◆ **Exercise**
If pictures appear, leave them out, and return exactly the lines from the one holding "El reservado está" through the last line of the listing below.

*** Opening Dataset extract ***

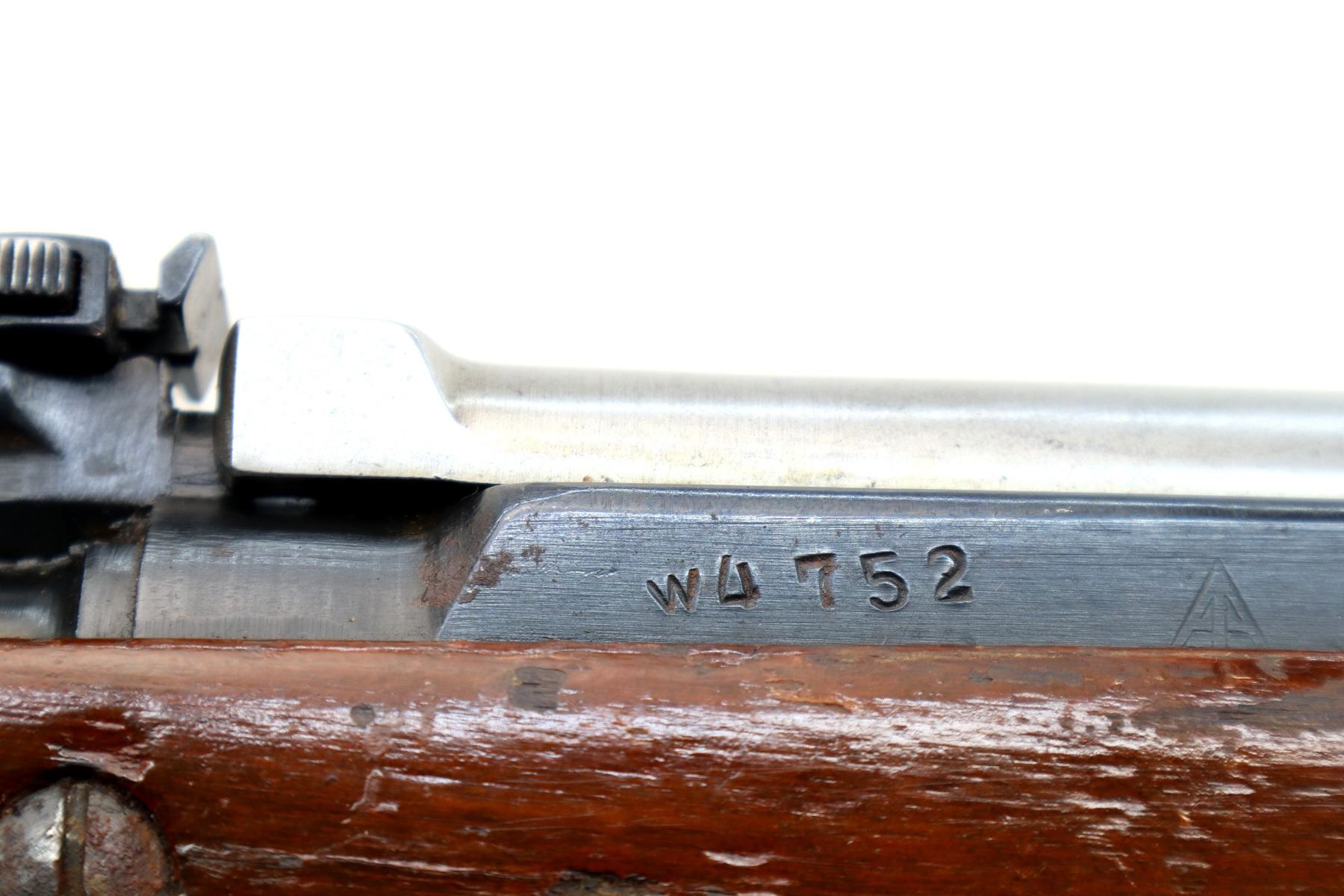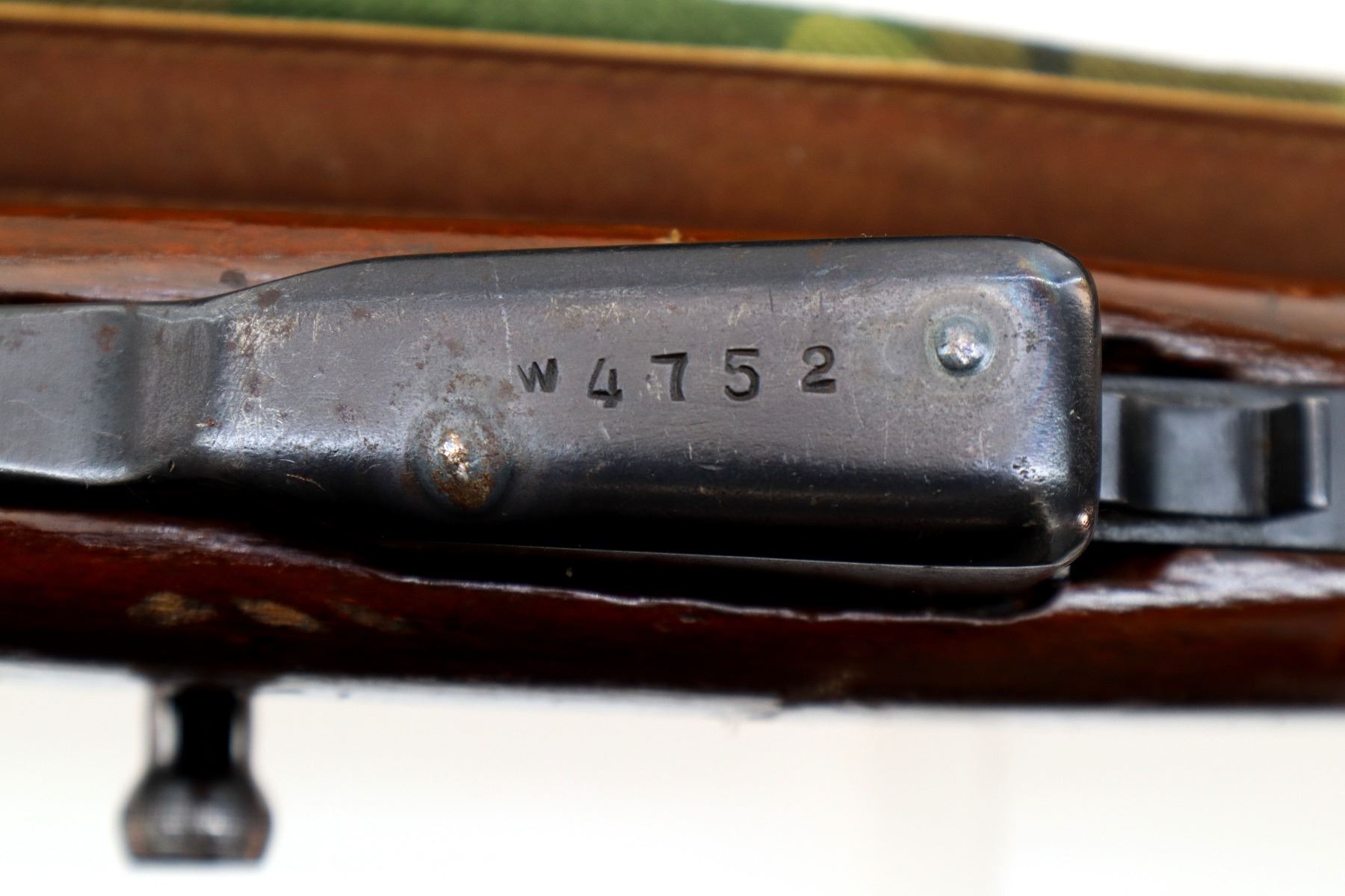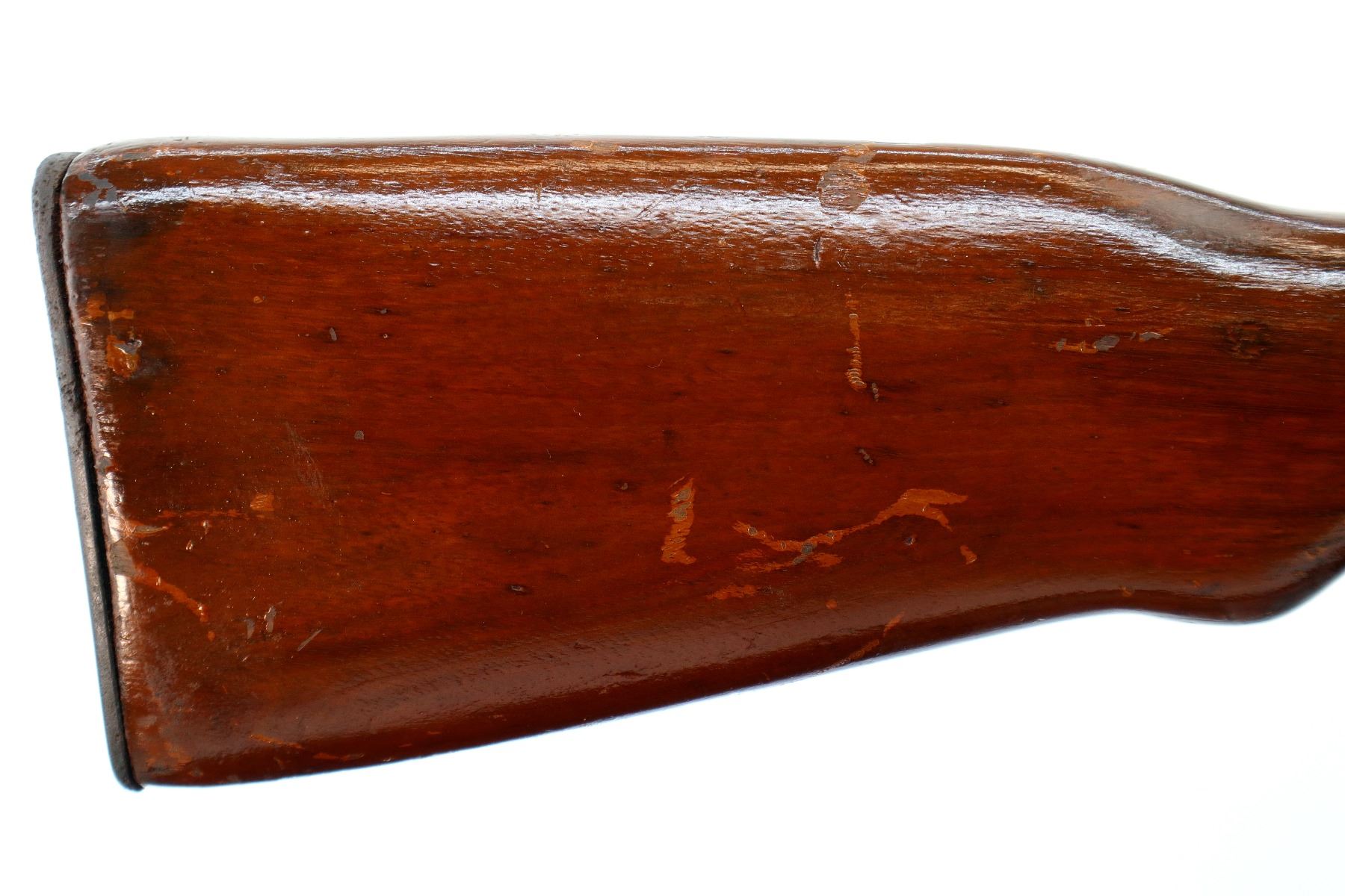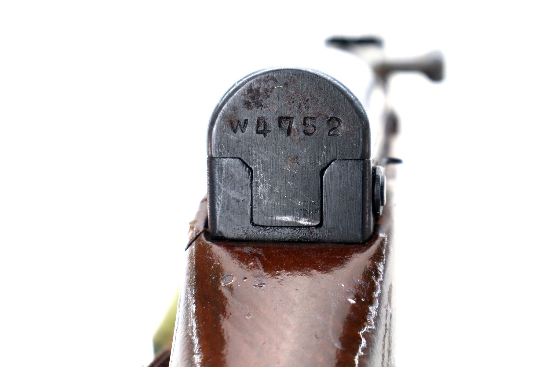 Main Description: Visible serial numbers match. Post front sight with hood and ramp, adjustable u notched rear sight, blued finish, silver bolt and carrier. Two piece full military wood stocks, ventilated handguard, finger grooved forearm, pistol grip cracked on left side beside receiver, smooth steel butt plate with trap, sling swivels with Camo nylon sling, cleaning rod, attached folding blade bayonet.
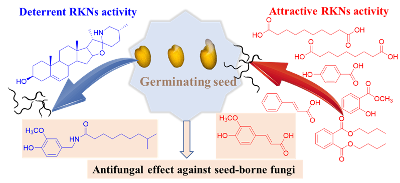 本研究通过自制的两向选择式嗅觉仪,证明番茄种子在萌发时能够引诱线虫,且是通过萌发时释放的化合物来实现的。线虫可通过感知种子萌发时的分泌物进一步侵染胚根,使其更早寻找寄主。通过活性追踪、结合天然产物提取分离和结构鉴定,从种子渗出物中得到了18个化合物。生物活性研究结果表明,酯类、脂肪酸和酚酸类化合物对线虫具有较强的引诱活性,是线虫感知寄主植物的重要化学信号物质。生物碱类化合物对线虫有较强的趋避活性,是植物抵御线虫侵染的重要防御物质。此外,一些酚酸和生物碱类化合物还会影响种传真菌的定殖。
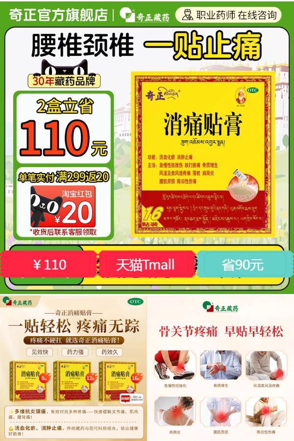 源自西藏千年藏药配方,奇正消痛贴膏16贴,深层渗透缓解肩周炎、腰肌劳损及风湿不适,温和不刺激~110元享旗舰店正品保障!买即赠使用指南+穴位图,性价比之选,家庭常备更安心~让藏药智慧守护你的日常行动力!
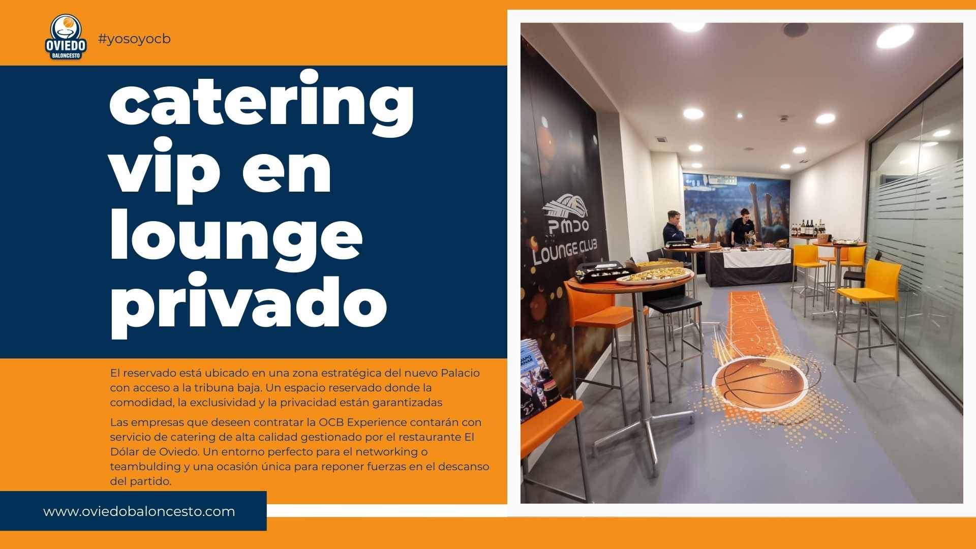 El reservado está ubicado en una zona estratégica del nuevo Palacio con acceso a la tribuna baja. Un espacio reservado donde la comodidad, la exclusividad y la privacidad están garantizadas Las empresas que deseen contratar la OCB Experience contarán con servicio de catering de alta calidad gestionado por el restaurante El Dólar de Oviedo. Un entorno perfecto para el networking o teambulding y una ocasión única para reponer fuerzas en el descanso del partido.
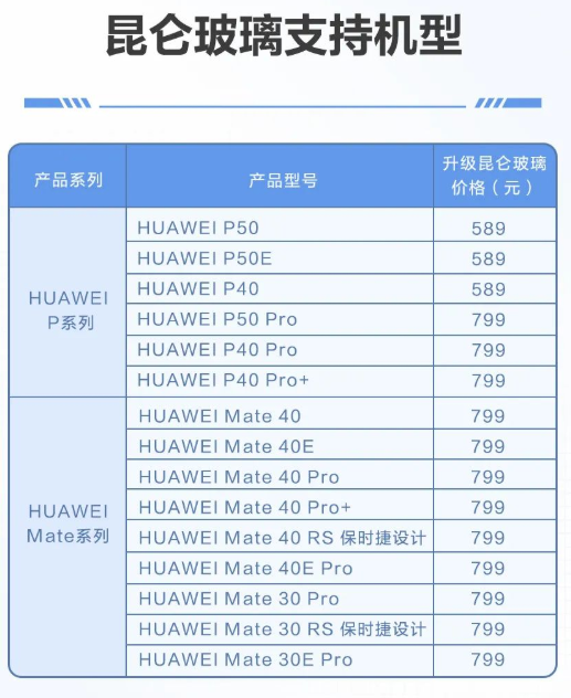 10倍耐摔 华为昆仑玻璃升级来了 支持Mate 40等15款机型 589元起

*** Closing Dataset extract ***

◆ **Task output**
 El reservado está ubicado en una zona estratégica del nuevo Palacio con acceso a la tribuna baja. Un espacio reservado donde la comodidad, la exclusividad y la privacidad están garantizadas Las empresas que deseen contratar la OCB Experience contarán con servicio de catering de alta calidad gestionado por el restaurante El Dólar de Oviedo. Un entorno perfecto para el networking o teambulding y una ocasión única para reponer fuerzas en el descanso del partido.
 10倍耐摔 华为昆仑玻璃升级来了 支持Mate 40等15款机型 589元起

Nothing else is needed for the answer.